However, it is important to acknowledge some of the issues raised in Ashworth’s letter. Sometimes the relationship between bureaucrats and politicians can be rocky and full of unnecessary retaliation. I was particularly irked by the actions of the legislator who resorted to reducing Ashworth’s salary as a payback for his testimony against his bill. I wonder why one legislator will have so much power to make a decision that is unfair to a public servant, who did not break any laws or flouted any policies. I will definitely question where the other legislators where, especially proponents of Ashworth’s programs when the decision to reduce his salary in the line item budget was made. If I had the opportunity to question Mr. Ashworth, I will put the following questions to him: Did he Mr. Ashworth take up the issue of his salary reduction with the appropriate authorities including key members in the senate who oversaw the reduction? I will also want to know what type of response he got back from them.
2. Explain the metaphor in the title and briefly explain how this is central to understanding how to work with the press, unpleasant people, leaders, governing boards, and bureaucracies.
Caught between the dog and the fireplug means that in the midst of the demands and inevitable inefficiencies associated with public policymaking and program implementation, a savvy public servant can shape policy, have fun and a successful career. That metaphor can be better described in the words of the philosopher, theologian Thomas Aquinas who once said: “virtues in medio stat” virtue stands in the middle. A policy maker should be able to find a reasonable middle ground in dealing with the media, governing boards, leaders and unpleasant people. To be an effective policy maker, one cannot be on the extreme. One has to find balance, but firm in making the right decisions, which may sometimes be unpopular.
Ashworth begins by stating that the media has an integral role to play in a democracy vis a vis policy making and program implementation. He further advised that it is the duty of the media to keep the public informed as to what is going on in the polity. If any government decides to keep all of its action a secret from the media, the ability of the people to control that government will cease to exist. But however, he advised that there should be a limit and timing as to what can be disseminated to the media. If the media has prior knowledge of governmental negotiation and reported such freely, such a report can hamper or even cripple a government project. An effective negotiation is one conducted behind closed door, after which the contents of such negotiation is then given to media. This will help protect the integrity of negotiation. A policy maker will be doing themselves a disservice if they choose not to inform the press of the outcome of a negotiation. It is important to understand as Ashworth states, that the media has a job to fulfill, and it is the job of the policy maker to make sure that the press gets all the information they want at the right time. This is if the policy maker has the answers to the question. The policy maker should be very candid with the media. If he cannot give the answers to the questions posed, he should state thus. Ashworth advised that it makes for better relation with the press if they know that the policy maker in question is always candid. A policy maker may take the semblance of an extremist or even a dictator if he knowingly chooses to keep pertinent information that is for public consumption from the press. There has to be abalance. The information has to be given at the right time, and not withheld out rightly.

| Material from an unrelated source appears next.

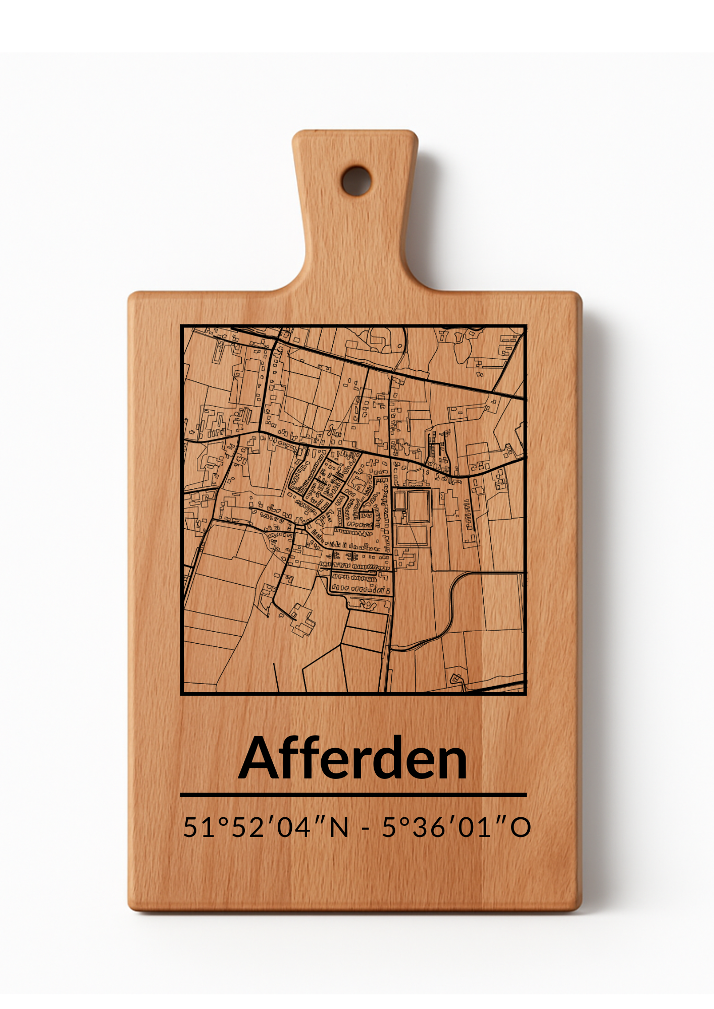 Borrelplank Afferden - Serveerplank van Beukenhout met Gravure Dorpsplattegrond - Oakman Objects

The metaphor used in the title of the book is also very evident in what Ashworth calls humility. Ashworth asserts that as a policy maker, “a little humility helps”. For one to be an effective policy maker and program manager, one has to be open to criticism. Thus, a fair and accurate criticism from the media should not be seen as an attack, but rather as a time to rethink and re address the issues one is being criticized for. No one is perfect. Ashworth also mentions that another strategy used in courting the media is to be responsible with one’s criticisms of the media. If a policy maker finds out that a story was in accurately written by a reporter, it is always prudent to approach the writer first, before his or her bosses. By so doing, the reporter will be more accurate, and even check in with the said policy maker for accuracy in the future.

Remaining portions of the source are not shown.